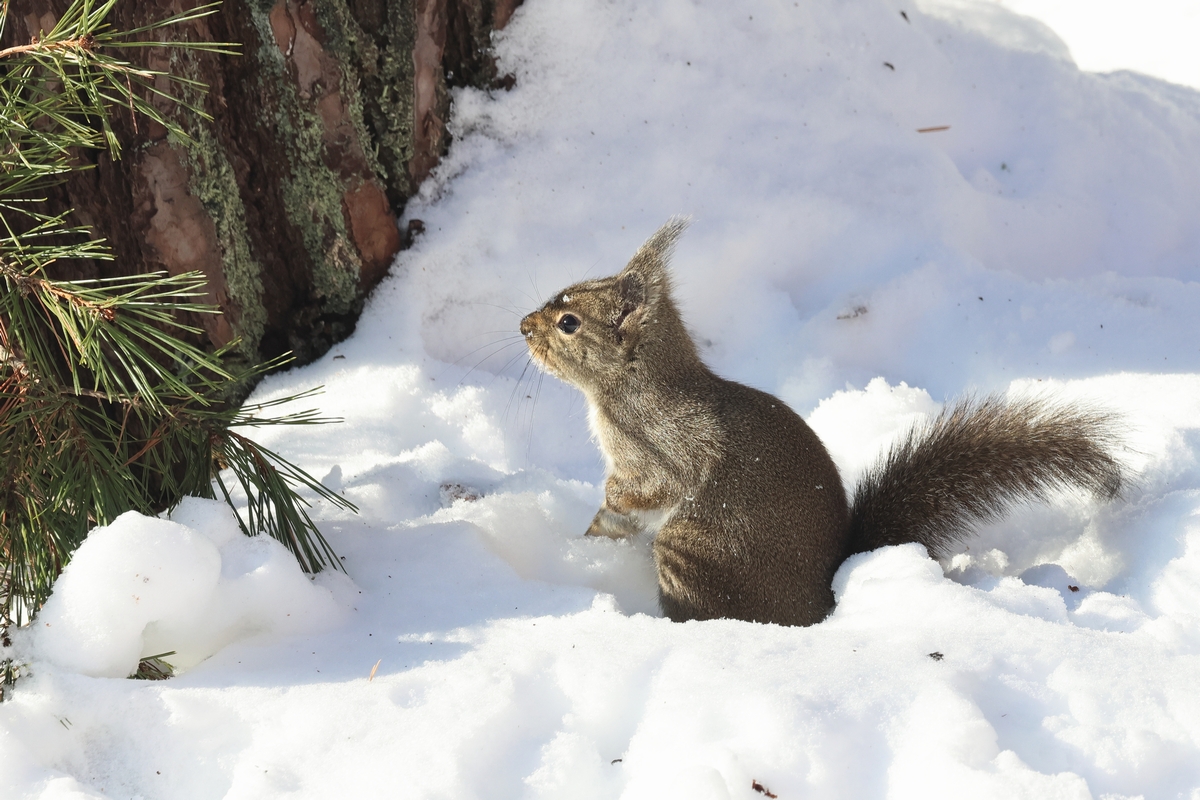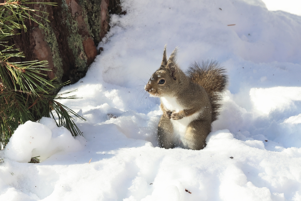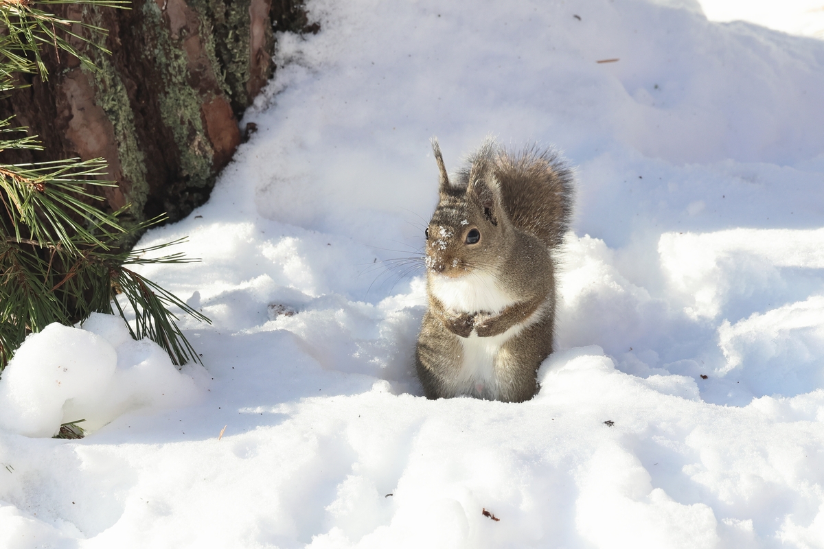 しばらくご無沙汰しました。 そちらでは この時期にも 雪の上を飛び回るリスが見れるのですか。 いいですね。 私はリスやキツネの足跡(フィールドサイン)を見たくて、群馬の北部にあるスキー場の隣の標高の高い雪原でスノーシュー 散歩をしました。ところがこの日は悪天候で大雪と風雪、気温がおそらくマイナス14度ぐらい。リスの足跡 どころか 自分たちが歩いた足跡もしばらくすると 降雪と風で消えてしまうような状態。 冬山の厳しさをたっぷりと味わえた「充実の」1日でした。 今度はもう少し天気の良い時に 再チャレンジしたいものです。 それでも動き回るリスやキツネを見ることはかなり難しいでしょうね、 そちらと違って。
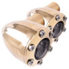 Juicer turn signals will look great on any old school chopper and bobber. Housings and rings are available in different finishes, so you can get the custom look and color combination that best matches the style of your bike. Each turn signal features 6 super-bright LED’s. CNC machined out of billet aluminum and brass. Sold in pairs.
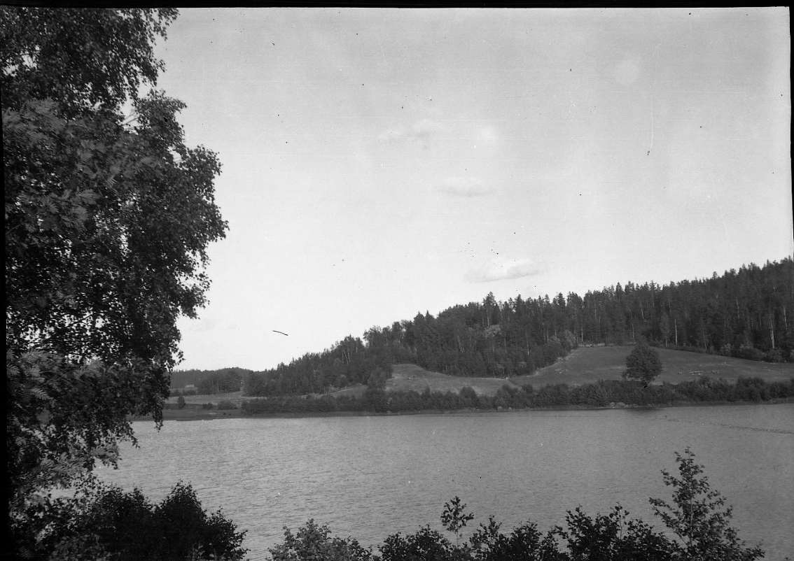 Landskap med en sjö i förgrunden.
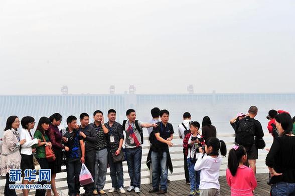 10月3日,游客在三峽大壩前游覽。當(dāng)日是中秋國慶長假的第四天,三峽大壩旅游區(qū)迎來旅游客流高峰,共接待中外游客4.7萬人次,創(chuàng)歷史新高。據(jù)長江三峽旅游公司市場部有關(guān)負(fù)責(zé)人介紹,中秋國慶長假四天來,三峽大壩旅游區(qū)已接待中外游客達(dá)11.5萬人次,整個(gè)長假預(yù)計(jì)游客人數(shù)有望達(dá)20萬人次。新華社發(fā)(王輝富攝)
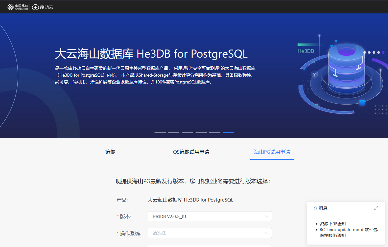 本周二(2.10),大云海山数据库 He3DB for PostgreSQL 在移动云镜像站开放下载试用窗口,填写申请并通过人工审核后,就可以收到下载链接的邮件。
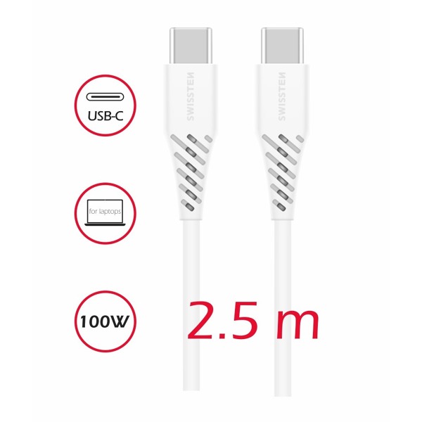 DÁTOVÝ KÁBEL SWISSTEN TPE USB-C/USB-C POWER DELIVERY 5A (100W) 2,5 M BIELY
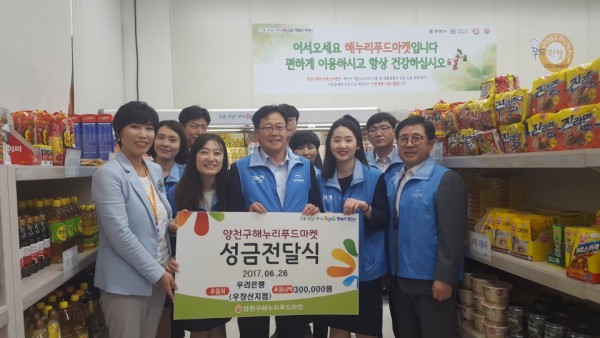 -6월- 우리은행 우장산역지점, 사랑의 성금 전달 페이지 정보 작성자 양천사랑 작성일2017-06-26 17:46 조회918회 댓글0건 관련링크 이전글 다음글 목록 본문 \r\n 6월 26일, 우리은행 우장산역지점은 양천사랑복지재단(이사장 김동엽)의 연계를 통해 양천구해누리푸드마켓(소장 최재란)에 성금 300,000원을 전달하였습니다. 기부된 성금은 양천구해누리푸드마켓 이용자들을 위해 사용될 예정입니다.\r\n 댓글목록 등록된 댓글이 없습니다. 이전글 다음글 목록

# Work task
The records above should be duplicated exactly, with none of their pictures kept.

# Solution to this task
 しばらくご無沙汰しました。 そちらでは この時期にも 雪の上を飛び回るリスが見れるのですか。 いいですね。 私はリスやキツネの足跡(フィールドサイン)を見たくて、群馬の北部にあるスキー場の隣の標高の高い雪原でスノーシュー 散歩をしました。ところがこの日は悪天候で大雪と風雪、気温がおそらくマイナス14度ぐらい。リスの足跡 どころか 自分たちが歩いた足跡もしばらくすると 降雪と風で消えてしまうような状態。 冬山の厳しさをたっぷりと味わえた「充実の」1日でした。 今度はもう少し天気の良い時に 再チャレンジしたいものです。 それでも動き回るリスやキツネを見ることはかなり難しいでしょうね、 そちらと違って。
 Juicer turn signals will look great on any old school chopper and bobber. Housings and rings are available in different finishes, so you can get the custom look and color combination that best matches the style of your bike. Each turn signal features 6 super-bright LED’s. CNC machined out of billet aluminum and brass. Sold in pairs.
 Landskap med en sjö i förgrunden.
 10月3日,游客在三峽大壩前游覽。當(dāng)日是中秋國慶長假的第四天,三峽大壩旅游區(qū)迎來旅游客流高峰,共接待中外游客4.7萬人次,創(chuàng)歷史新高。據(jù)長江三峽旅游公司市場部有關(guān)負(fù)責(zé)人介紹,中秋國慶長假四天來,三峽大壩旅游區(qū)已接待中外游客達(dá)11.5萬人次,整個(gè)長假預(yù)計(jì)游客人數(shù)有望達(dá)20萬人次。新華社發(fā)(王輝富攝)
 本周二(2.10),大云海山数据库 He3DB for PostgreSQL 在移动云镜像站开放下载试用窗口,填写申请并通过人工审核后,就可以收到下载链接的邮件。
 DÁTOVÝ KÁBEL SWISSTEN TPE USB-C/USB-C POWER DELIVERY 5A (100W) 2,5 M BIELY
 -6월- 우리은행 우장산역지점, 사랑의 성금 전달 페이지 정보 작성자 양천사랑 작성일2017-06-26 17:46 조회918회 댓글0건 관련링크 이전글 다음글 목록 본문 \r\n 6월 26일, 우리은행 우장산역지점은 양천사랑복지재단(이사장 김동엽)의 연계를 통해 양천구해누리푸드마켓(소장 최재란)에 성금 300,000원을 전달하였습니다. 기부된 성금은 양천구해누리푸드마켓 이용자들을 위해 사용될 예정입니다.\r\n 댓글목록 등록된 댓글이 없습니다. 이전글 다음글 목록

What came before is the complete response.